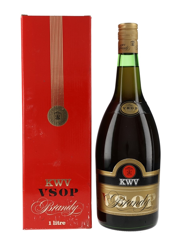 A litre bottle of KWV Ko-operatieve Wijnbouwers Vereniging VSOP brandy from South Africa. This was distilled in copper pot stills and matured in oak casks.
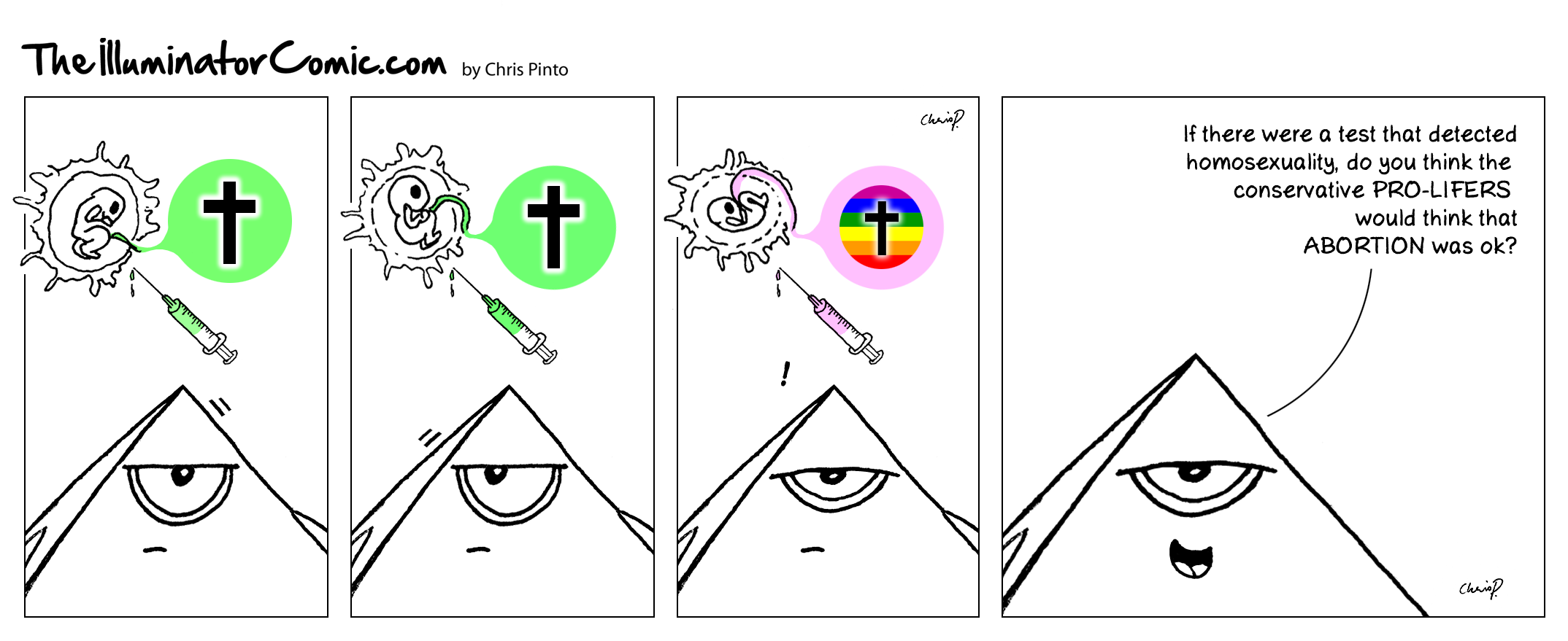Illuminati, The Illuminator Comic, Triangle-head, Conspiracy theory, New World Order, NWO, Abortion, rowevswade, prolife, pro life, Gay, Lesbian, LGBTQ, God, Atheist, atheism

◇ ◇ ◇

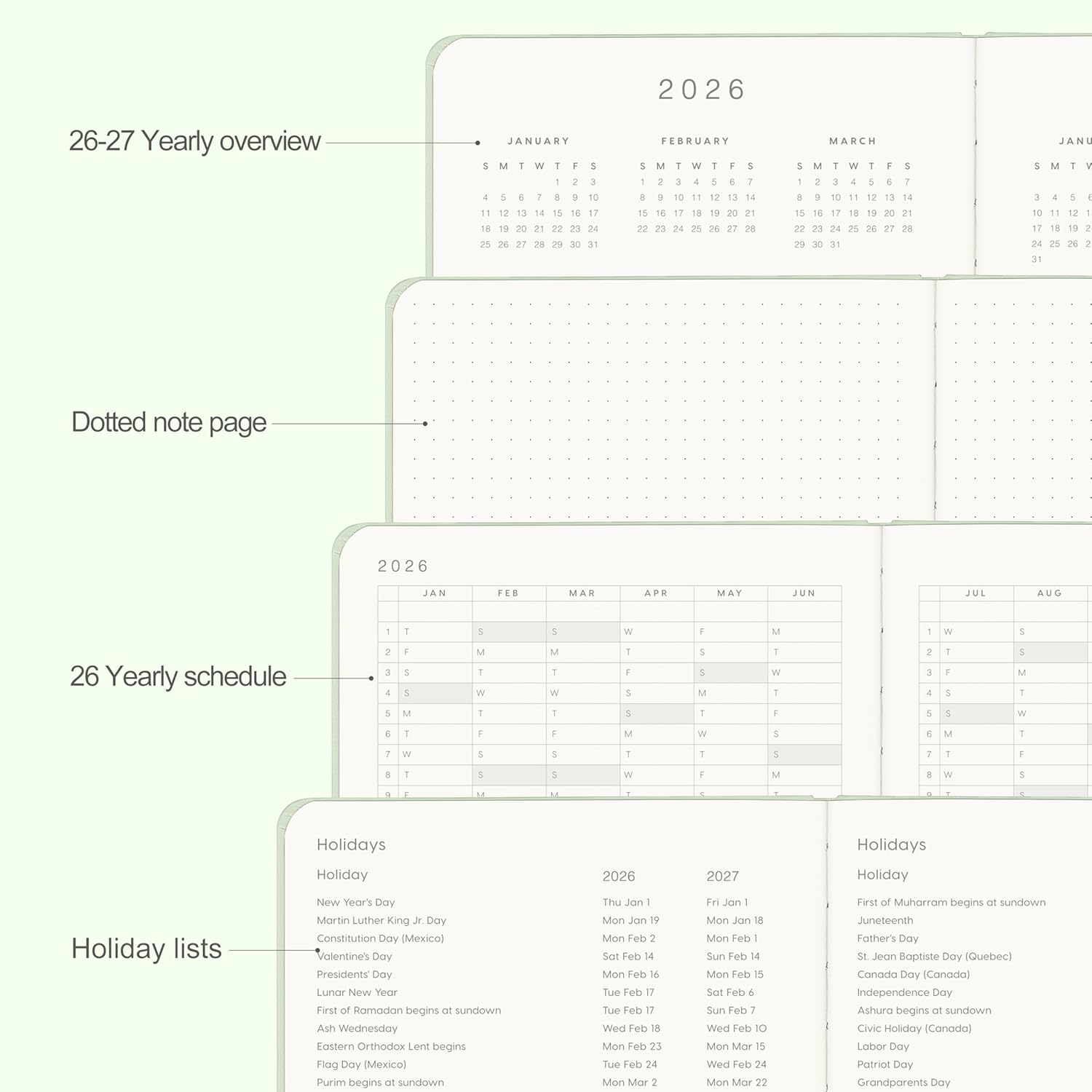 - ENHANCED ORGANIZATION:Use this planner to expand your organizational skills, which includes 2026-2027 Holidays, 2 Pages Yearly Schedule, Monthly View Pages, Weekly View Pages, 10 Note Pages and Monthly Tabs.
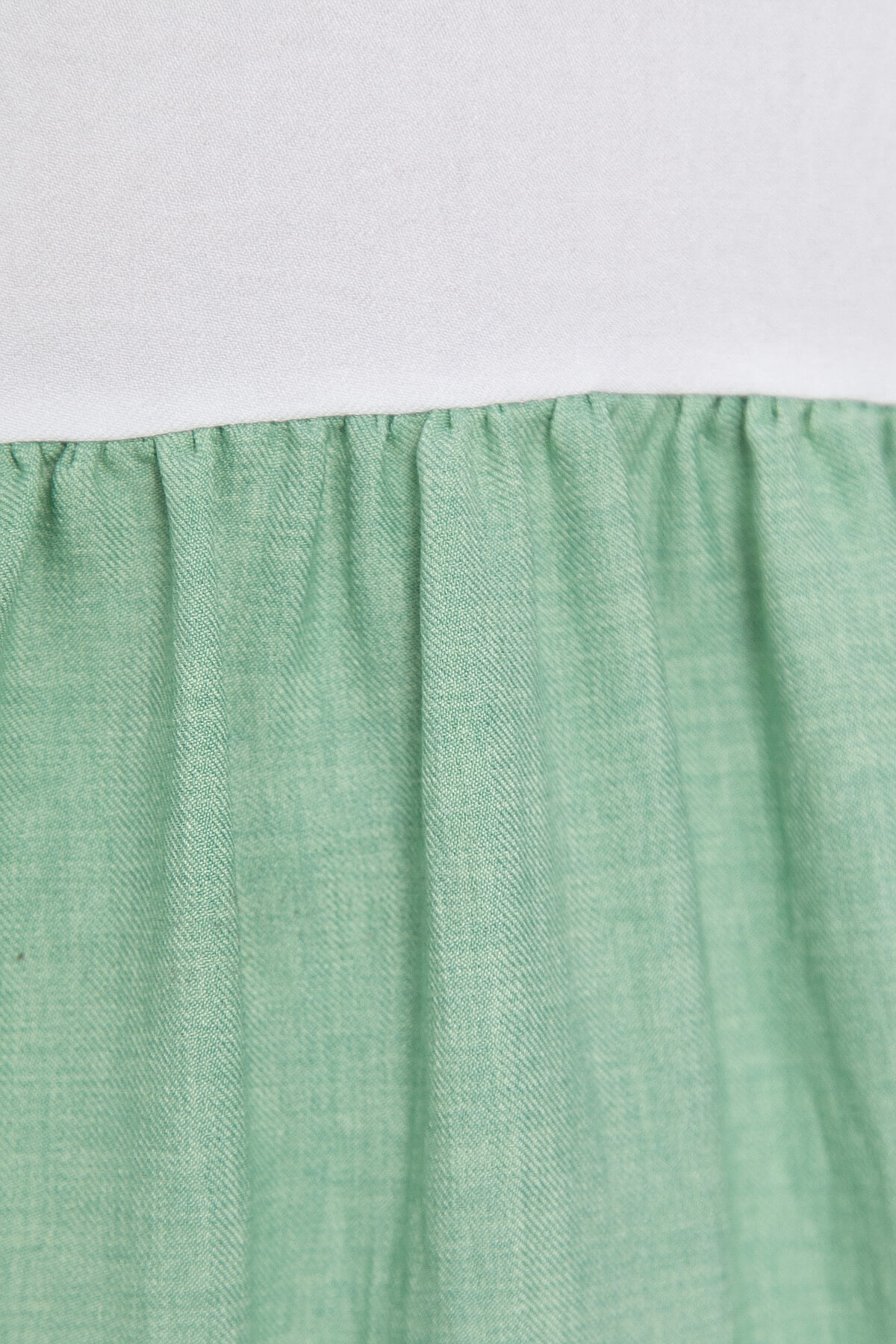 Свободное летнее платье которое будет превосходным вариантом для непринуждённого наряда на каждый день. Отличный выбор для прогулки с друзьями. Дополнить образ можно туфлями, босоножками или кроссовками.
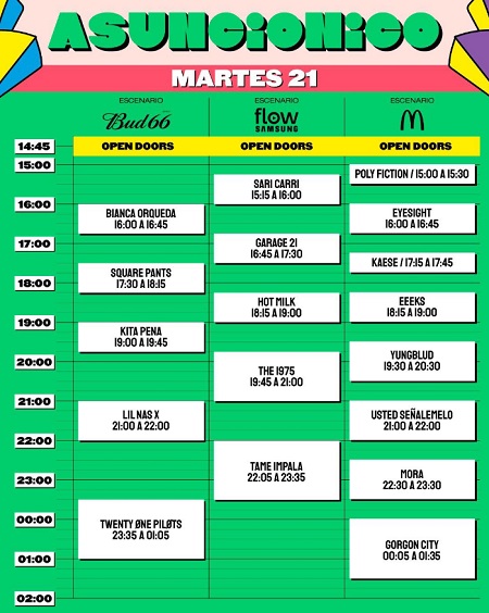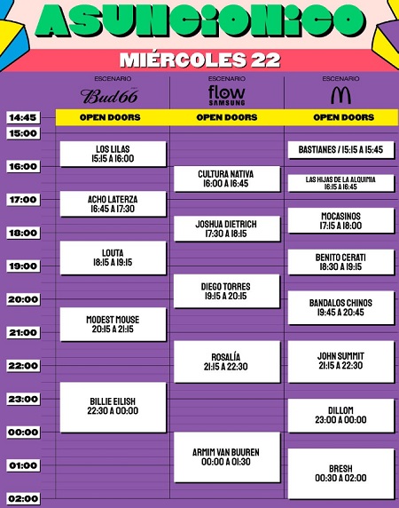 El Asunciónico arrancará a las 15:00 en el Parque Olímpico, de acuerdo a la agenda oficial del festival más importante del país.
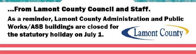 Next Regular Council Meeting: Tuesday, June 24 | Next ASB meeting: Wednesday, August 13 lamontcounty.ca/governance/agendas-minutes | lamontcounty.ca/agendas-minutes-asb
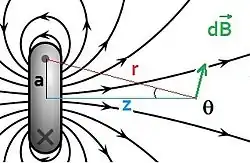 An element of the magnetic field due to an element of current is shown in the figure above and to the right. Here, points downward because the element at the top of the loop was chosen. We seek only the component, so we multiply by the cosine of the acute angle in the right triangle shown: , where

◇ ◇ ◇

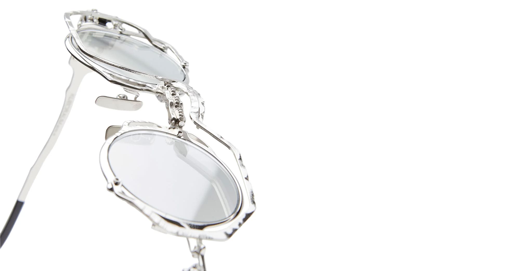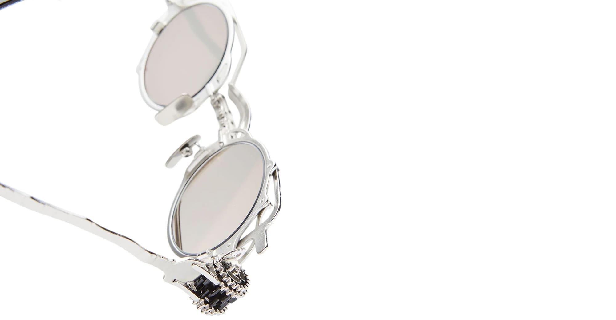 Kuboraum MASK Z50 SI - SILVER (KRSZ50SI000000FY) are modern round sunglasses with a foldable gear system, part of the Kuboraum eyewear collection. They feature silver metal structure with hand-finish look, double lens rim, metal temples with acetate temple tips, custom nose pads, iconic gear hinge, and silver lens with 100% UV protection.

◇ ◇ ◇

▶ Problem to work on:
Would you write out exactly the lines above, starting at the line containing "A litre bottle" and stopping after the line containing "Illuminati, The Illuminator"? Omit the pictures.

▶ Exercise result:
 A litre bottle of KWV Ko-operatieve Wijnbouwers Vereniging VSOP brandy from South Africa. This was distilled in copper pot stills and matured in oak casks.
Illuminati, The Illuminator Comic, Triangle-head, Conspiracy theory, New World Order, NWO, Abortion, rowevswade, prolife, pro life, Gay, Lesbian, LGBTQ, God, Atheist, atheism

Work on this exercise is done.